#### [Task goal]
Extract the whole listing as it stands. Do not include the pictures.

#### [Dataset excerpt]
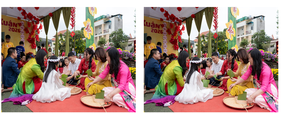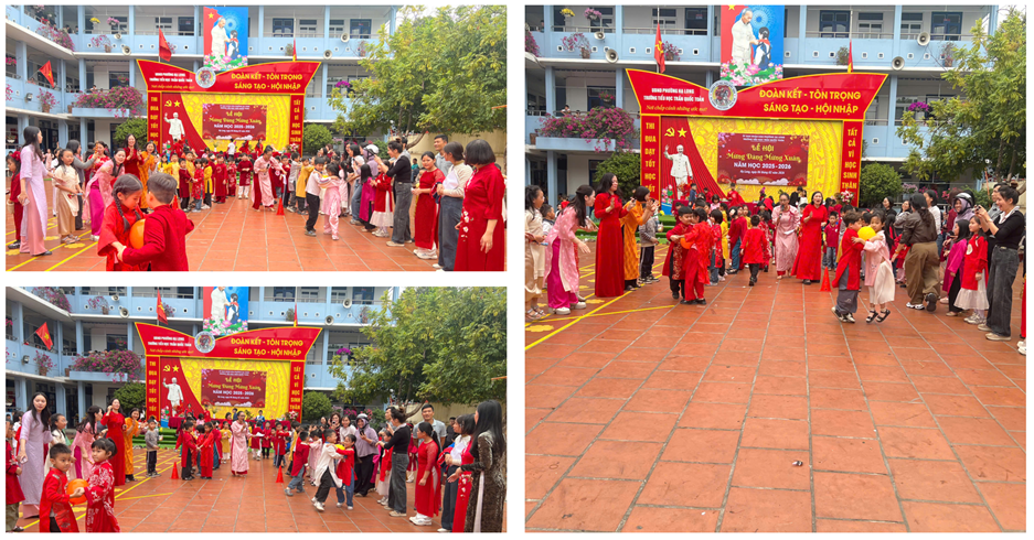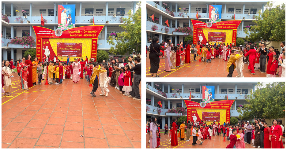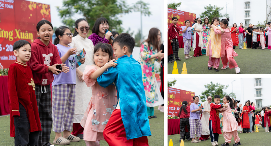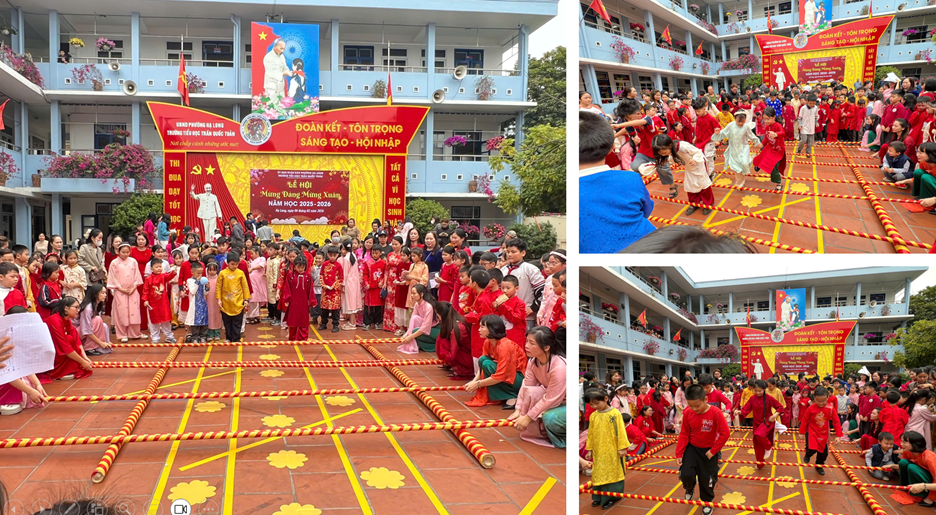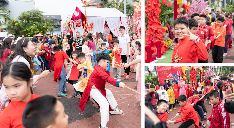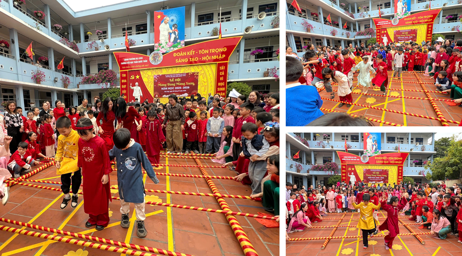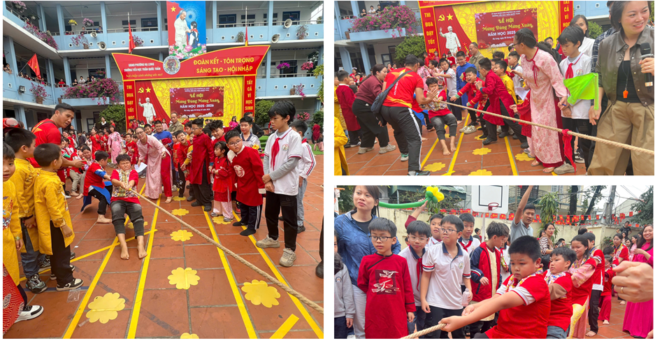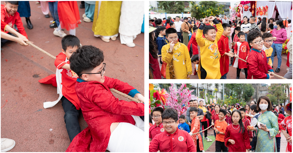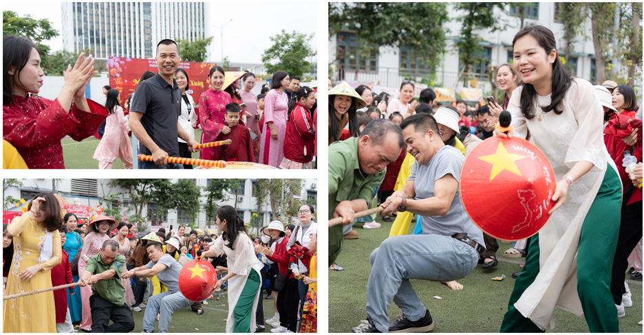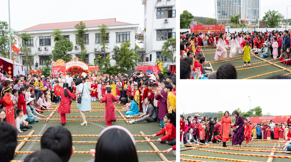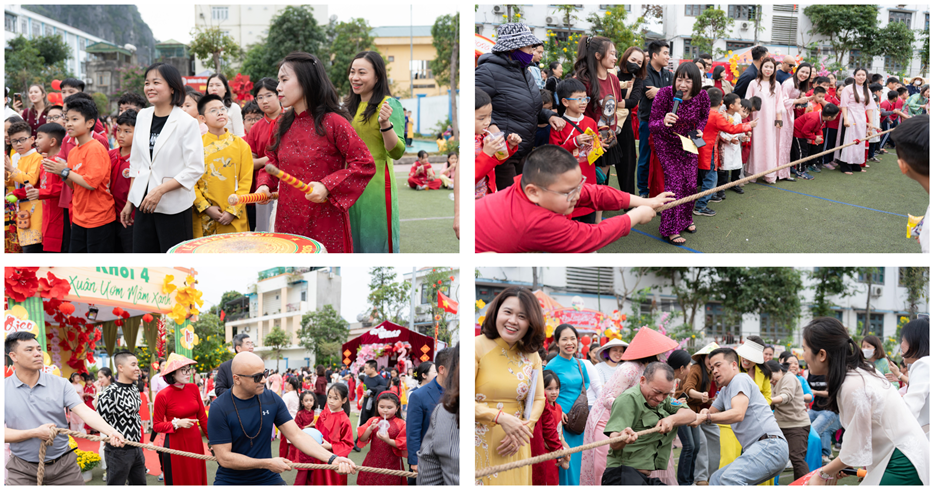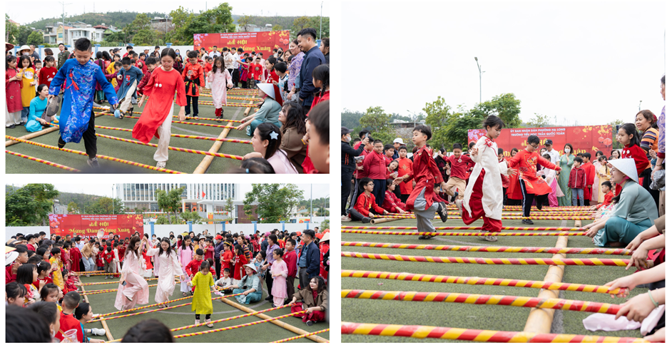 Các trò chơi dân gian nhảy sạp, kéo co, đưa bóng về đích, vòng quay may mắn…. được diễn ra tại vị trí trung tâm của Lễ hội, nơi ấy không còn khoảng cách giữa phụ huynh, học sinh và cô giáo khi tất cả phiên chợ Xuân được cất theo tiếng sạp gọi bạn, từng đôi, từng đôi từ cô giáo và học sinh, cô giáo và phụ hunh, học sinh với học sinh, bố mẹ cùng các con lại cùng nhau chơi hết mình, cùng nhau cất tiếng cười trong trẻo, giòn tan hoà vào không khí của Lễ hội xuân.
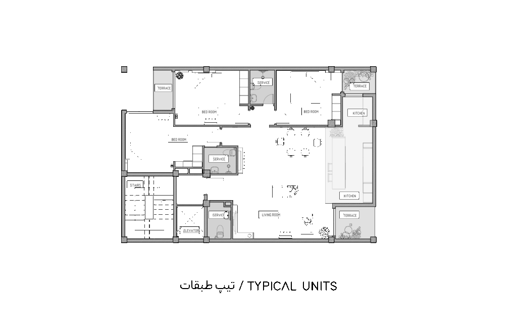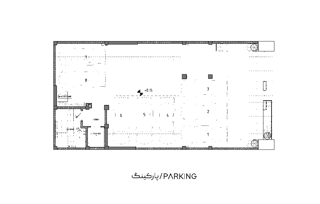 در طبقهی همکف، ورودی ساختمان شماره ۲۶ با دروازهای مدرن، فضای سبز و سایهبان چوبی بهخوبی تعریف شده است. استفاده از خطوط عمودی و تکرار منظم بازشوها، بر ارتفاع ساختمان تأکید میکند بدون اینکه به بافت اطراف فشار بیاورد. پنلهای مشبک آجر نهتنها باعث کنترل نور و حفظ حریم میشوند، بلکه با عبور نور فیلتر شده به فضاهای داخلی، کیفیتی شاعرانه به تجربهی سکونت میبخشند. در مجموع، این بنا با زبان معماری معاصر خود، ضمن وفاداری به مصالح بومی، پاسخی محترمانه به موقعیت شهری خود در محله باهنر اهواز ارائه داده است.
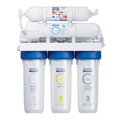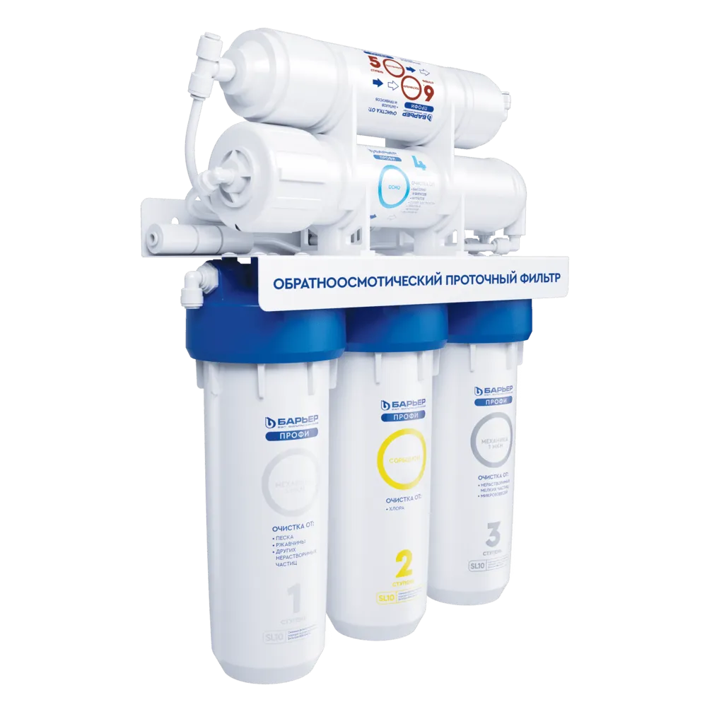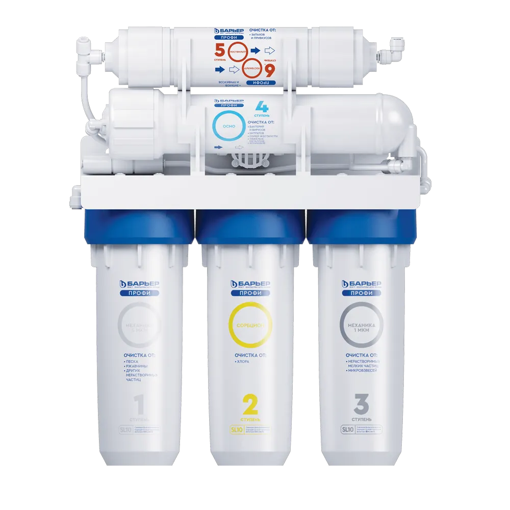 Система очистки воды с обратным осмосом БАРЬЕР ПРОФИ Осмо 100, Н151Р01 в корпусе классического исполнения. Вода проходит пять этапов очистки, что позволяет удалить все примеси и получить кристально чистую воду, не уступающую по качеству бутилированной:

#### [Answer for this exercise]
 Các trò chơi dân gian nhảy sạp, kéo co, đưa bóng về đích, vòng quay may mắn…. được diễn ra tại vị trí trung tâm của Lễ hội, nơi ấy không còn khoảng cách giữa phụ huynh, học sinh và cô giáo khi tất cả phiên chợ Xuân được cất theo tiếng sạp gọi bạn, từng đôi, từng đôi từ cô giáo và học sinh, cô giáo và phụ hunh, học sinh với học sinh, bố mẹ cùng các con lại cùng nhau chơi hết mình, cùng nhau cất tiếng cười trong trẻo, giòn tan hoà vào không khí của Lễ hội xuân.
 در طبقهی همکف، ورودی ساختمان شماره ۲۶ با دروازهای مدرن، فضای سبز و سایهبان چوبی بهخوبی تعریف شده است. استفاده از خطوط عمودی و تکرار منظم بازشوها، بر ارتفاع ساختمان تأکید میکند بدون اینکه به بافت اطراف فشار بیاورد. پنلهای مشبک آجر نهتنها باعث کنترل نور و حفظ حریم میشوند، بلکه با عبور نور فیلتر شده به فضاهای داخلی، کیفیتی شاعرانه به تجربهی سکونت میبخشند. در مجموع، این بنا با زبان معماری معاصر خود، ضمن وفاداری به مصالح بومی، پاسخی محترمانه به موقعیت شهری خود در محله باهنر اهواز ارائه داده است.
 Система очистки воды с обратным осмосом БАРЬЕР ПРОФИ Осмо 100, Н151Р01 в корпусе классического исполнения. Вода проходит пять этапов очистки, что позволяет удалить все примеси и получить кристально чистую воду, не уступающую по качеству бутилированной:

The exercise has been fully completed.